Asmodeu: Demônio hebreu da ira e da luxúria 
Astaroth: Ex-querubim, é tido como o tesoureiro do inferno
Diabo: O rei, o chefão. Trata-se de Lúcifer, o ex-arcanjo preferido de Deus, expulso do céu por causa do seu orgulho e ambição
Baalberith: Demônio do assassinato e da blasfêmia, era líder dos querubins celestes. Tornou-se secretário de Lúcifer
Belzebu: O príncipe dos demônios.

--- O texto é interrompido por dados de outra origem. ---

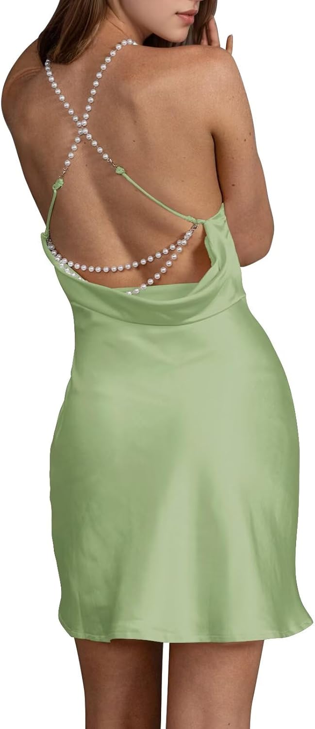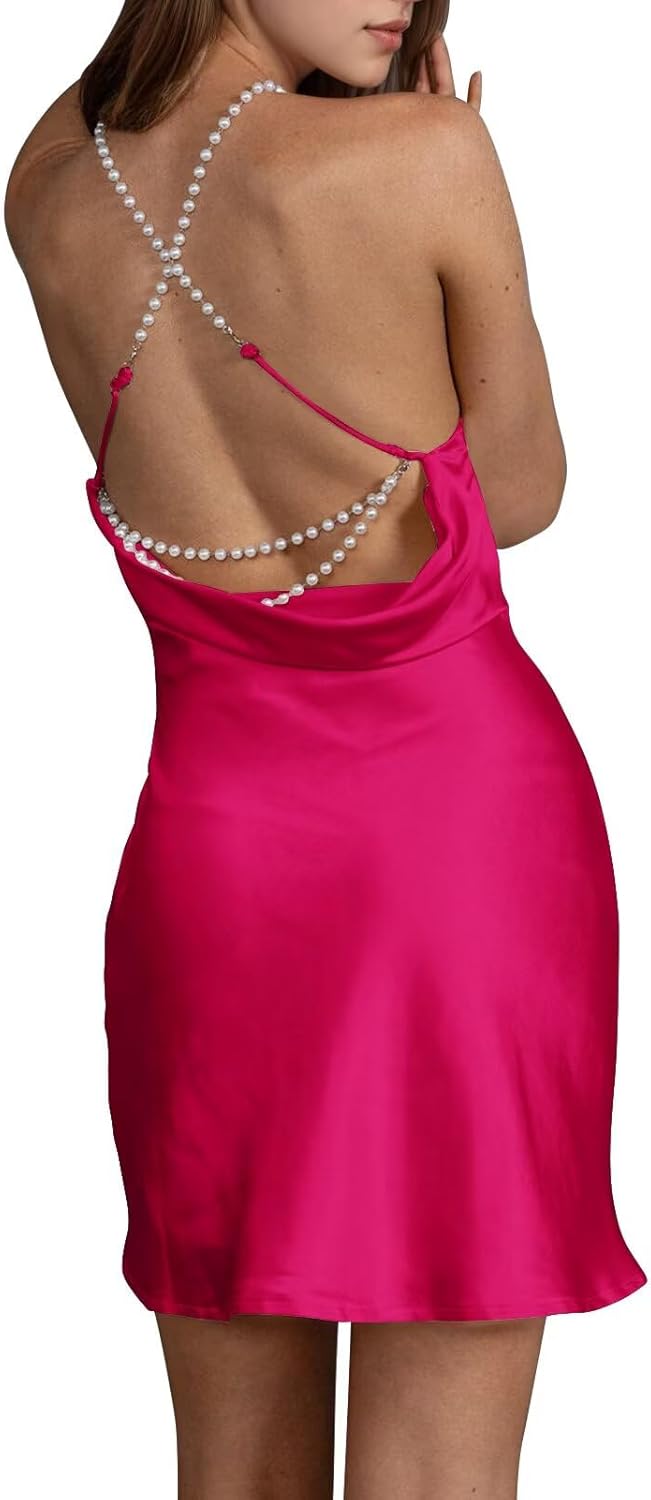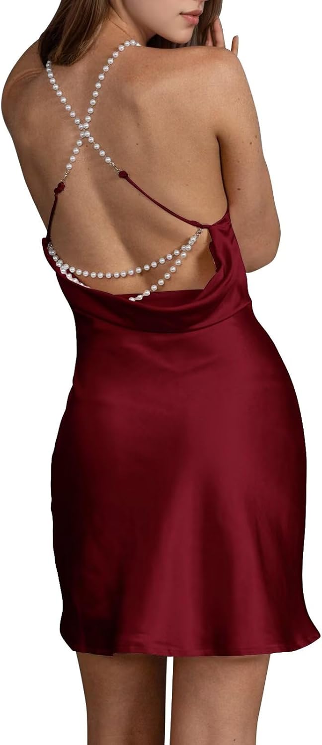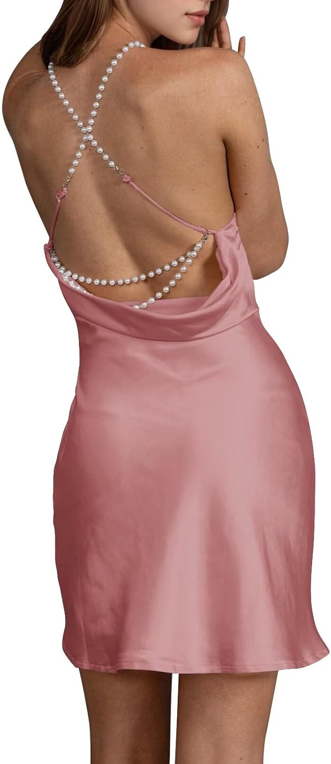 | Embellishment Feature | Dress with Pearl Bead for Women, HOCO Dress Open Back 2025, Mini Formal Cocktail Gowns, Satin Halter Homecoming Dress, Short Satin Graduation Party Dress |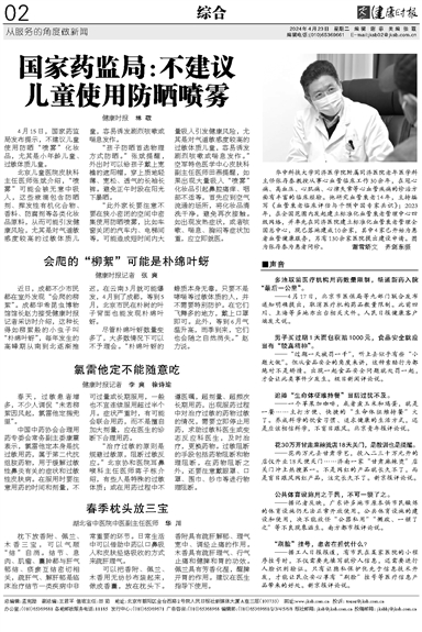 4月15日,国家药监局发布提示,不建议儿童使用防晒“喷雾”化妆品,尤其是小年龄儿童、过敏体质儿童。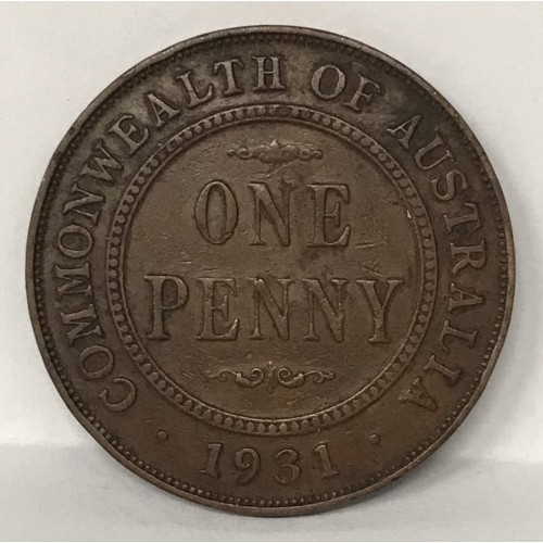 Australia 1931 One 1 Penny. Indian Die. Variety. 6 Pearls. Very Scarce Type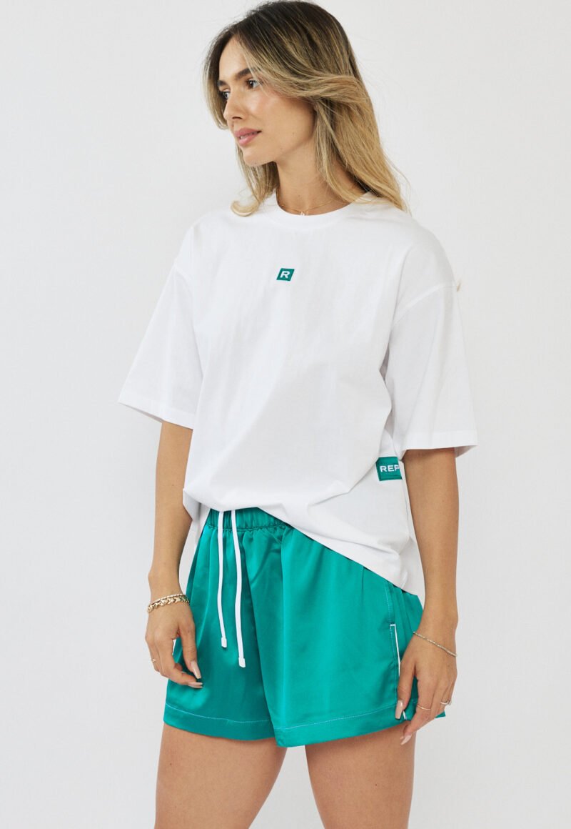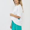טי-שירט אוברסייז לנשים בצבע לבן בעיצוב מודרני ובולט.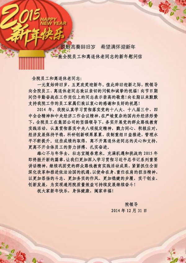 凱歌高奏辭舊歲 希望滿懷迎新年--致全院?jiǎn)T工和離退休老同志的新年慰問信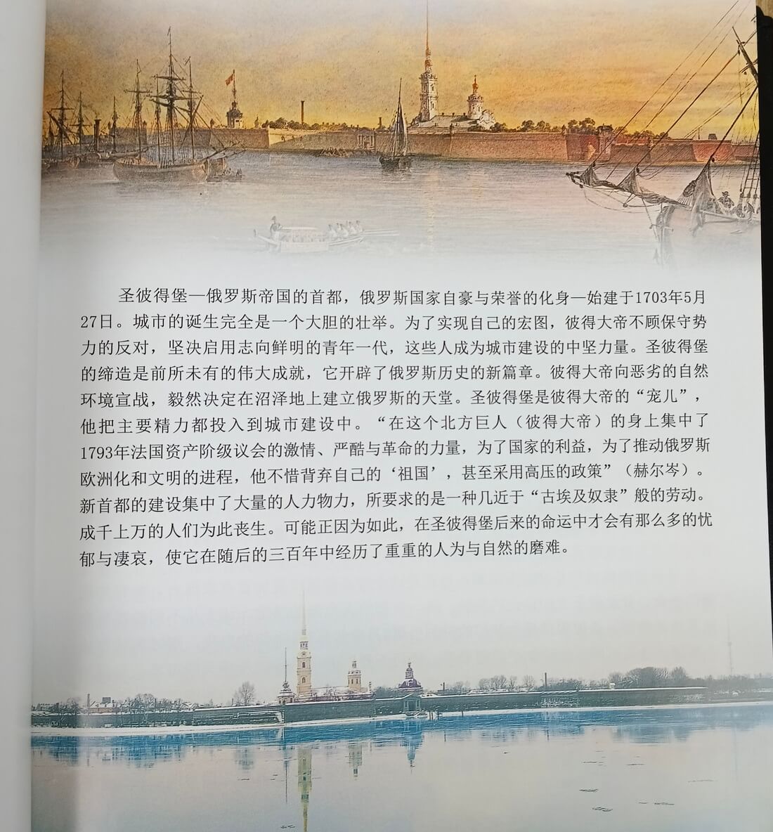В книге-альбоме о Санкт-Петербурге 304 страницы, ее приблизительный размер (с учетом кожаного переплета) 19х22 см. Фотографии снабжены описаниями и комментариями на китайском языке.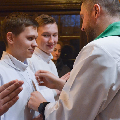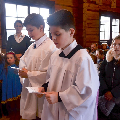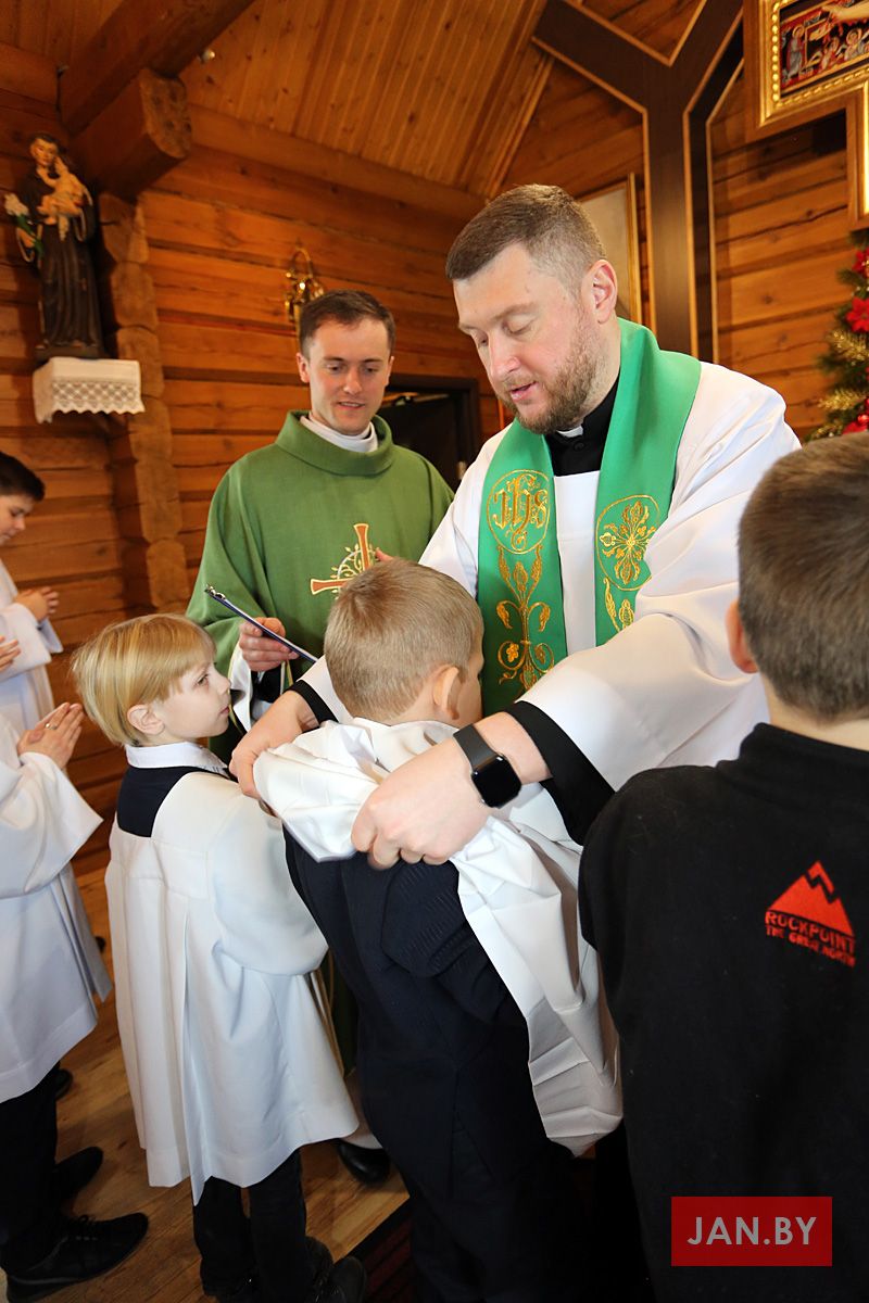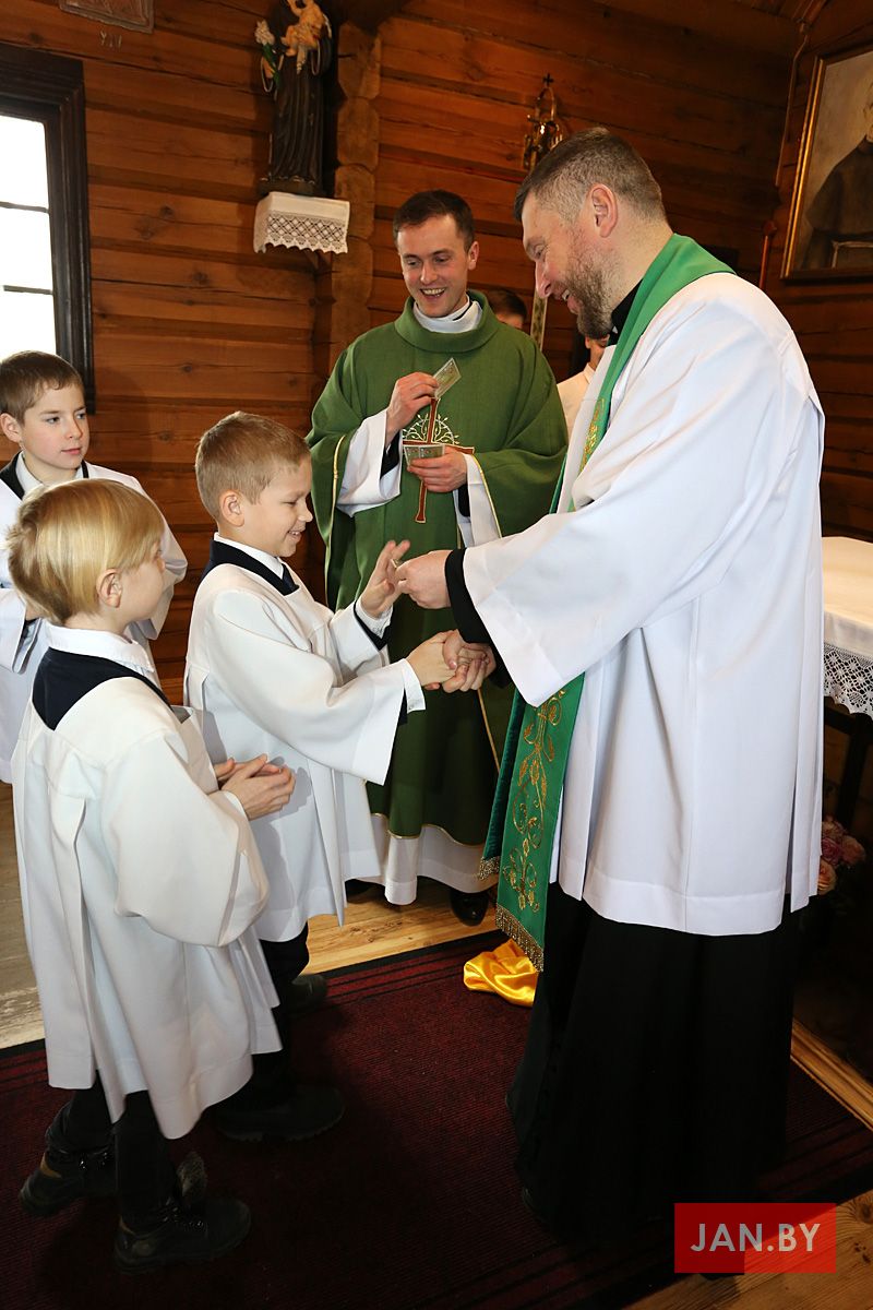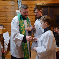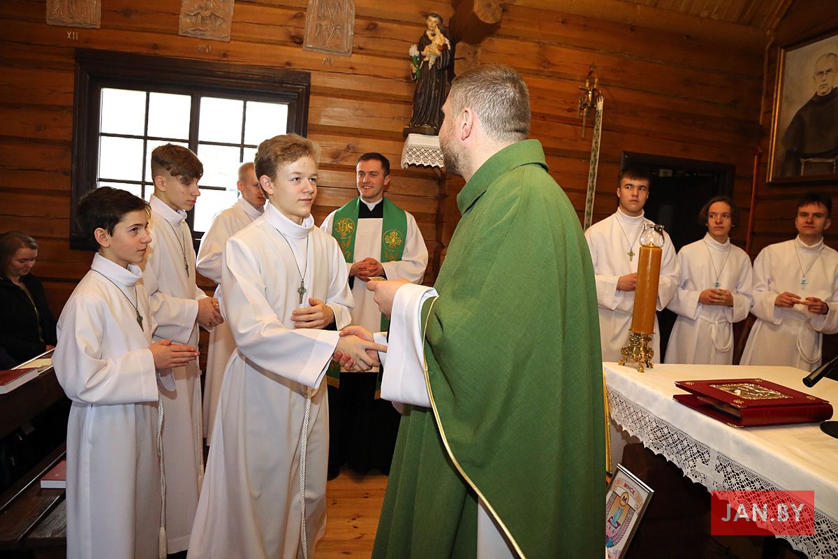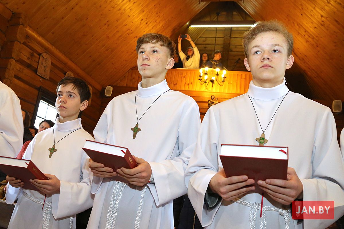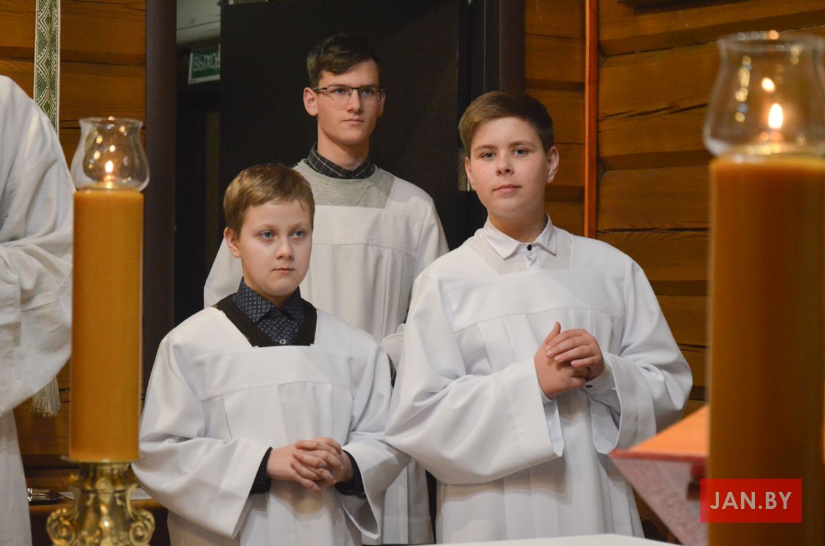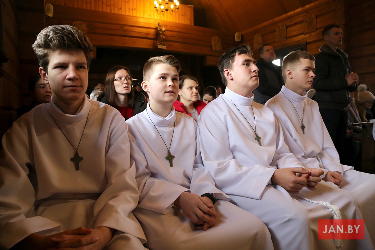 23 лютага сапраўднае свята перажывалі хлопцы Літургічнай Службы Алтара (ЛСА) нашай парафіі: 10 кандыдатаў сталі міністрантамі, 13 юнакоў былі ўведзены ў паслугу лектараў, чацвёра лектараў перайшлі на наступную прыступку іерархіі, атрымаўшы залатыя крыжы, і яшчэ 10 хлопцаў сталі кандыдатамі ў міністранты. Астатнія аднавілі міністранцкія абяцанні.

Ao lado de Leviatã, estimula o orgulho e a heresia entre os homens
Abramalech: Responsável pelo guarda-roupa de Lúcifer, espécie de mordomo
Pazuzu: O rei dos espíritos malignos
Círculos infernais

Na Divina Comédia, Dante Alighieri estipulou uma ordenação do inferno em nove círculos, de acordo com a gravidade de cada pecado
Limbo
Onde ficam as almas de crianças mortas sem batismo e figuras do paganismo, como Homero e Platão
Círculo Segundo
Uma ventania incessante arrasta os lascivos e luxuriosos
Círculo Terceiro
Os glutões são fustigados pela chuva e dilacerados por Cérbero, o cão do inferno
Círculo Quarto
Gastadores compulsivos e unhas-de-fome são obrigados a rolar enormes pedras
Círculo Quinto
Os esquentadinhos e iracundos quase se  afogam no Éstige, o rio do inferno


Círculo Sexto
Sepulcros inflamados servem de moradia eterna para os heréticos
Círculo Sétimo
O Minotauro vigia o local onde assassinos, suicidas e escroques violentos submergem em sangue fervente
Círculo Oitavo
Rufiões, fraudadores, sedutores e cínicos são açoitados e imersos em fezes
Círculo Nono
Traidores de amigos, irmãos e da pátria habitam o último círculo.